OK, it’s not PI day, but I wanted to have a trial at estimating PI using Monte Carlo Method anyway.
Many methods use some mathematical “trick” to get an approximate value of PI. For instance, you can use limits, series and so on. But, estimating PI using Monte Carlo Method is something quite different.
With Monte Carlo Method, you are not creating a succession of values that eventually converge to an approximate value of PI. Rather, by using random numbers you create a succession of numbers that eventually will hopefully stabilize on an approximate value of PI.
With other methods you can get a succession of approximation values. And the newest value is always closer to PI than the oldest. This is not the case with the Monte Carlo method. This is kind of reasonable after all, since with this method we are using random number.
A square and a circle
Imagine a square with a size of 2. And imagine a circle inside the square with a diameter again of 2. Both are centered to the origin.
The area of such a square is 4. And the area of such a circle is PI (the area of a circle is PI * R^2).
Now, the ratio between the area of the circle and the area of the square is, of course, PI/4.
Now that’s the idea! If we get a way to estimate that ratio, then we get an estimation of PI as well!
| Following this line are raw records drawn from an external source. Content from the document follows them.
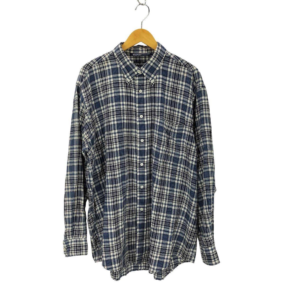 - NAUTICA(ノーティカ) 90S ロゴ刺繍 チェック柄 ボタンダウン 長袖シャツ メンズ JPN:XL 中古 古着 0122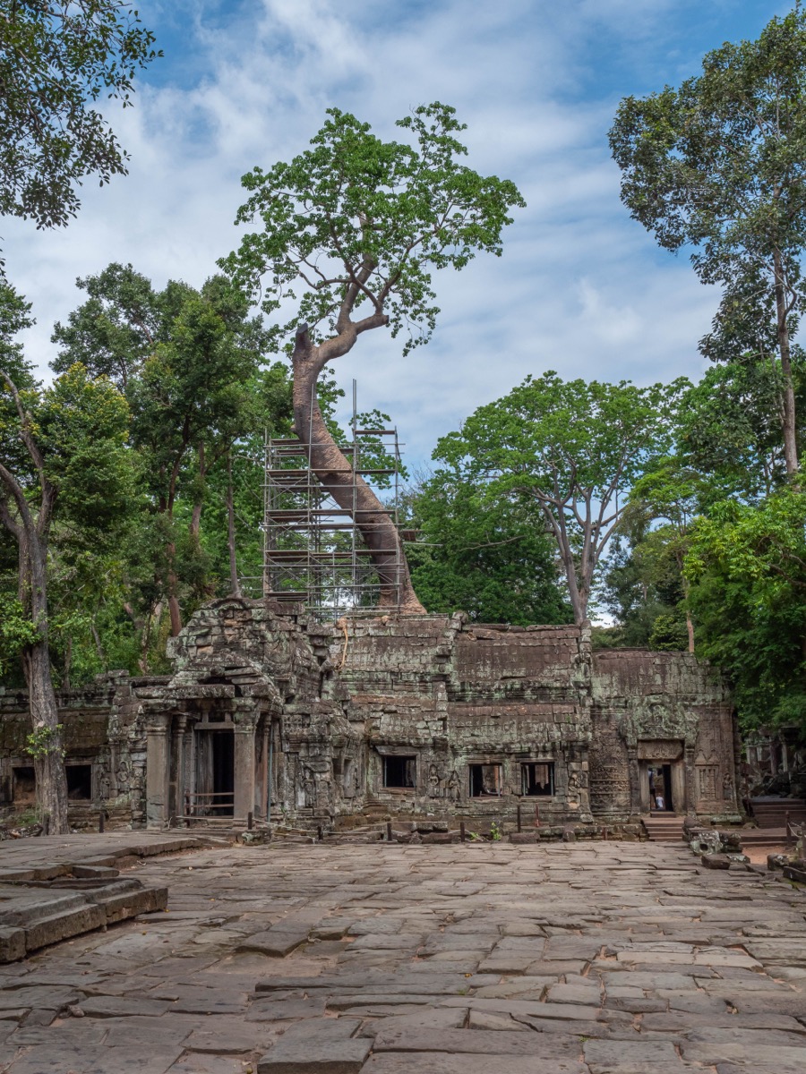 Les racines des arbres s’entrelacent avec les pierres du temple, créant un paysage pittoresque et mystique. Le temple a été délibérément laissé partiellement en l’état pour conserver son ambiance originale.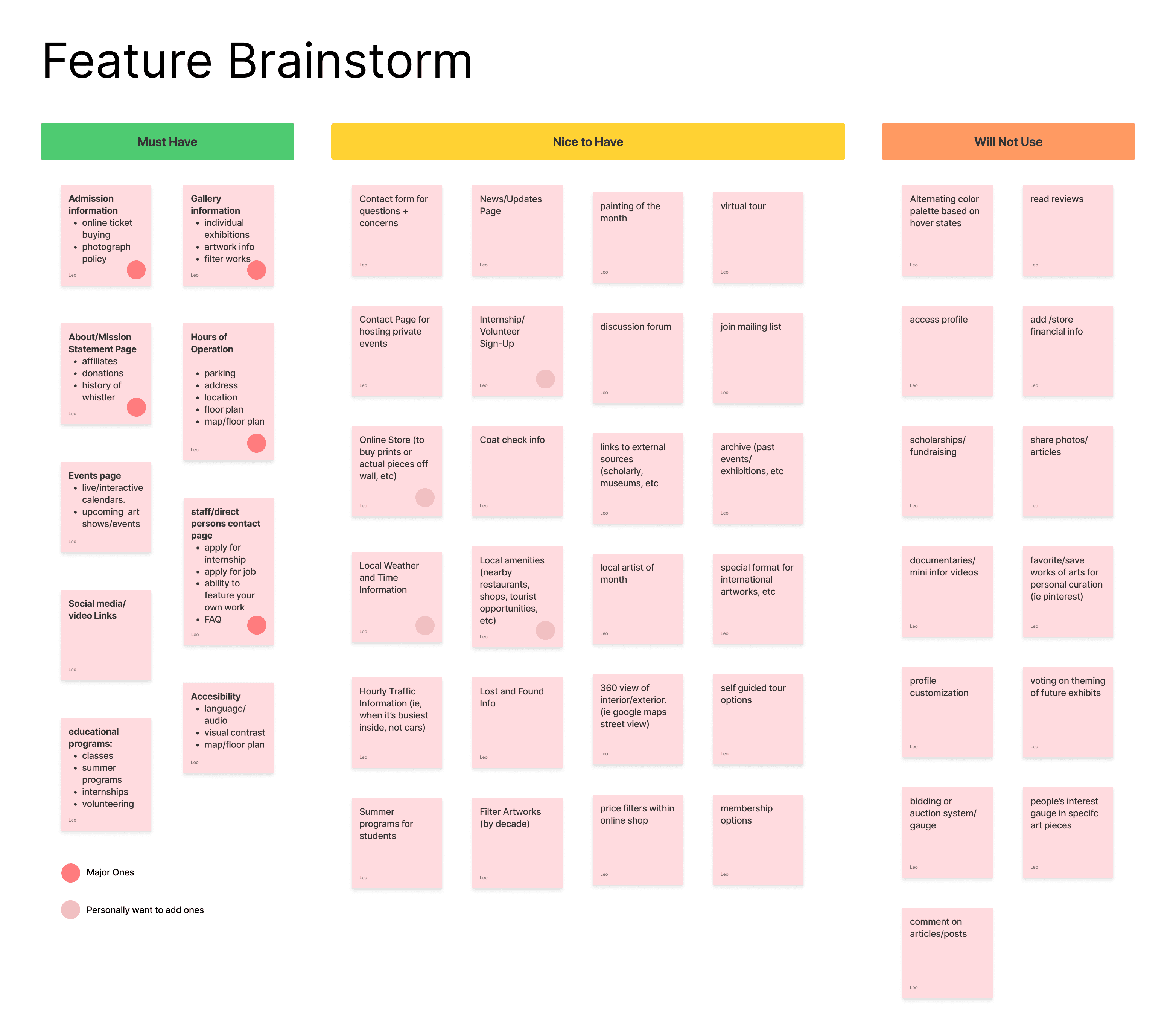 After I finished my research stage, I worked with my classmates to brainstorm different website features that are good for a website to have. Then, we sorted the features into three different groups: must haves, nice to haves, and not needed. Based on our sorting work, I picked the features that would best match my user persona's need. Lastly, I created a site diagram to visualize the design features on the website and to organize how all of the content would connect.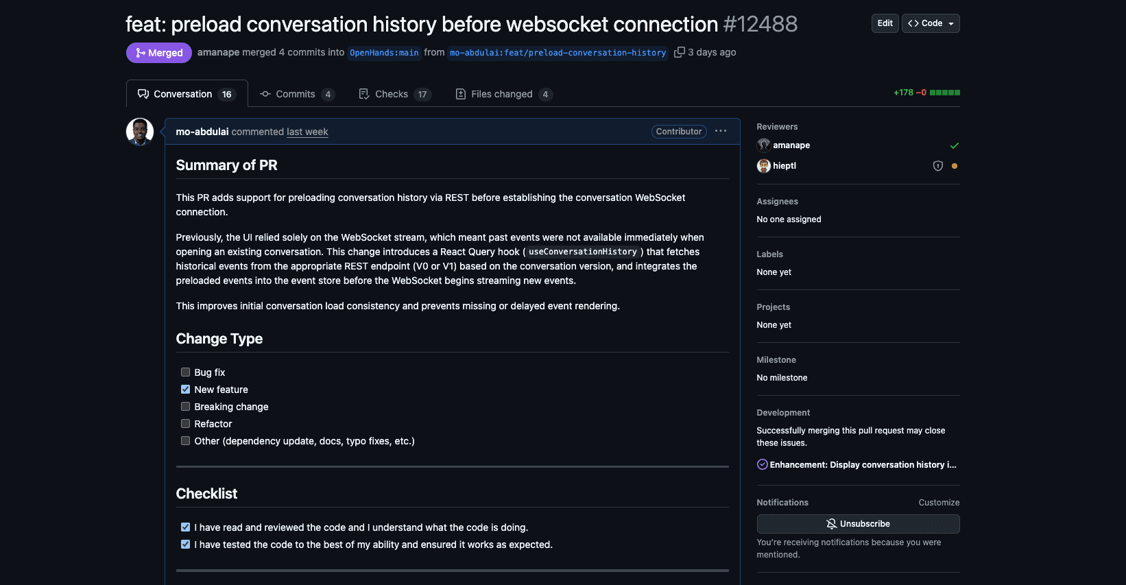 TL;DR I implemented conversation history preloading in the OpenHands frontend. Previously, conversation messages were loaded only through WebSocket streaming, which caused empty or inconsistent history when opening existing chats. I added a REST-base...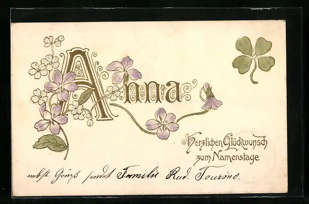 Präge-AK Namenstag Anna, Veilchen und Kleeblatt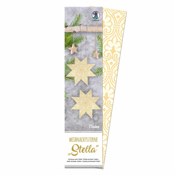 Weihnachtssterne "Stella, Indian Style Chadna", Set enthält Materialien für 4 Sterne Durchmesser: 30 cm, Inhalt: 33 Blatt Shimmer paper 120 g/m² 7 x 30 cm, einseitig bedruckt, weiß/creme, inklusive Faltanleitung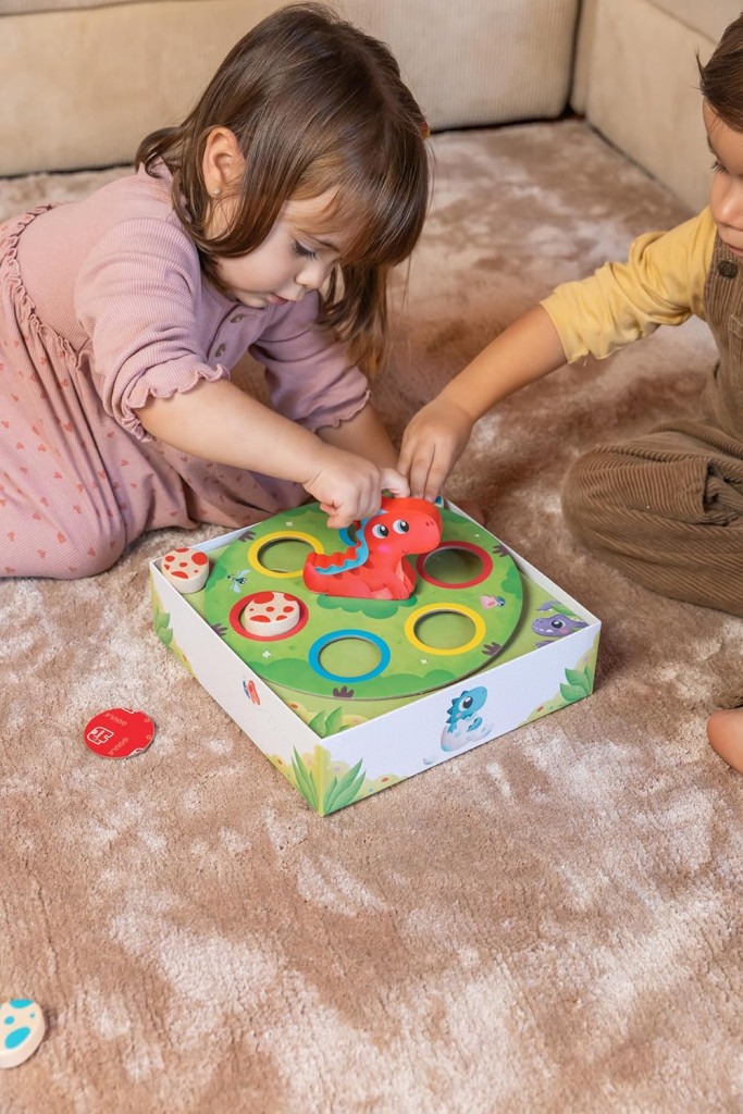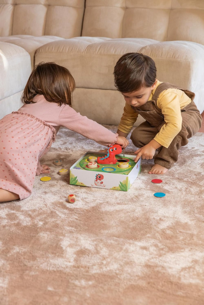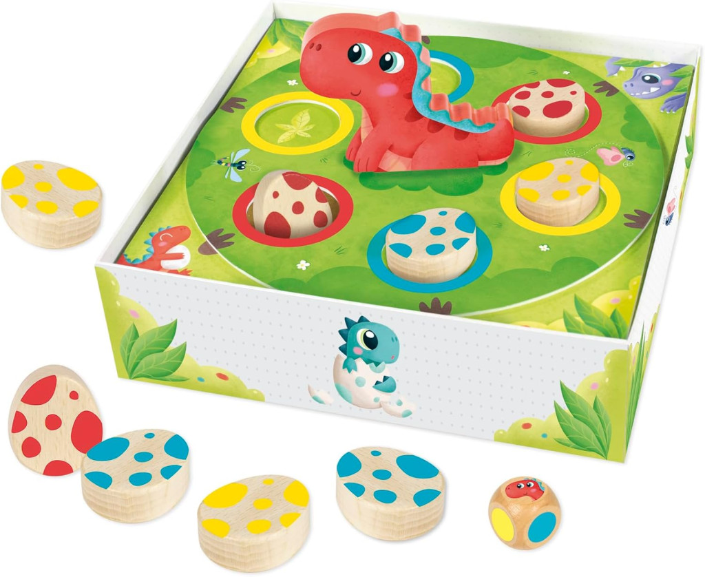 Egy kooperatív játék, ahol a játékosok segítenek Mummy Dino-nak megtalálni az elveszett tojásait. Ez az izgalmas játék egy forgó táblát, egy Mummy Dino figurát, 9 tojást és egy fa kockát tartalmaz, elősegítve a csapatmunkát és a problémamegoldó készségeket játékos környezetben.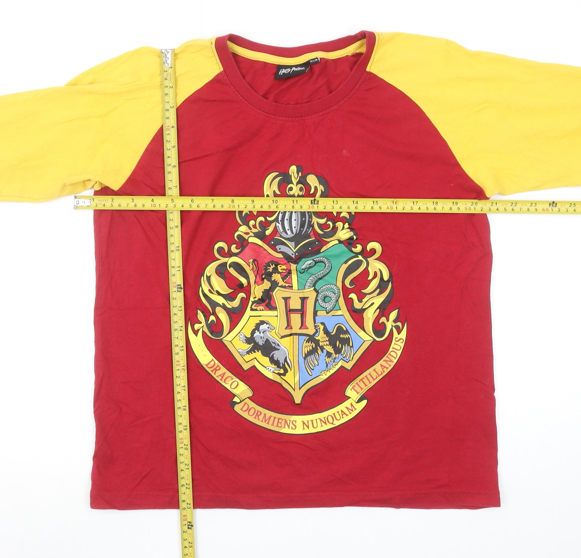 Bring a touch of wizarding magic to bedtime with this officially licensed Harry Potter girls' pyjama top. Designed in a bold red and yellow colourway inspired by Gryffindor house pride, this long-sleeved top features the iconic Hogwarts crest across the chest, celebrating all four houses — Gryffindor, Slytherin, Ravenclaw, and Hufflepuff — in rich, detailed print. Crafted from 100% cotton jersey, the material feels soft, breathable, and comfortable against the skin, making it perfect for a cosy night’s sleep or lounging around the house. The cotton fabric ensures durability while allowing easy movement, keeping wearers snug and comfortable throughout every season.Ideal for girls aged 11 to 12 years, this pullover-style pyjama top is both practical and stylish, with a crew neckline and contrast-raglan sleeves in a warm, golden hue. It’s lightweight yet well-made, offering a flattering relaxed fit without any restrictive features. Simple to care for, the top is machine washable and easy to maintain, ensuring it remains a bedtime favourite wash after wash.This piece forms part of a pyjama set, though the listing is for the top alone. A perfect gift for any young Harry Potter fan, it captures the magical spirit of the films while being comfortable enough for everyday sleepwear. Whether for lounging on movie nights, reading under the covers, or simply showing Hogwarts pride, this pyjama top adds a whimsical and fun touch to nighttime routines. Offer your child comfort and style with this enchanting Harry Potter pyjama top — a must-have addition to any young fan’s wardrobe.

And here we go to Monte Carlo
Have you ever been on a Casino? Me not… But still, we are now going to deal with random numbers. Hope we will be lucky…
Now, a square of size 2, centered to the origin, is made up of (X, Y) points with their coordinates all belonging to the range [-1, +1].
Here’s what random numbers are all about in here. If we create many random numbers in the range [-1, 1], of course all points will belong to the size 2 square. As for the circle instead, some points will belong to it, others will not.
So the idea is that if we generate a huge quantity of random points, the points inside the circle will give an estimate of the area of the circle itself. And similarly, the total number of random points created will give an estimate of the area of the square (remember that the total number of points created belong to the square for sure).
So, if we compute the ratio number points inside circle/ total number of points it’s very likely that we will get an estimate of PI!
The first program is quite straight and uses random numbers with as many decimal digits as the RND() function offers.
The second program makes use of offsets to increase the precision of numbers. This is some sort of mixing between floating point math and integer math. This approach allows – for a very huge quantity of random numbers created – a better estimate of PI.
Programs are both quite slow and need to be run at least for a hour or so on the real machine (warp mode really helps if using an emulator). Collectors may have a Super CPU, that helps as well (lucky you!).
With the first program (“montecarlo v3”), using random numbers with 9 decimal digits, we get eventually an approximation of roughly 3.146. Instead, with the second program (“mont.digits”), we get an approximation of roughly 3.141.
As PI is roughly 3.14159, the second program, though slower, gives a better approximation.
The more you let the programs run, the more the computed ratio will tend to stabilize to a certain approximation of PI.
A note is also included in the .d64 image for a quick review of the principle.
We cannot talk about a converging process, as we are dealing with random numbers. Still, it’s quite impressing that with this method we can get a reasonable approximation of PI, isn’t it? Statistics seems to work quite well here.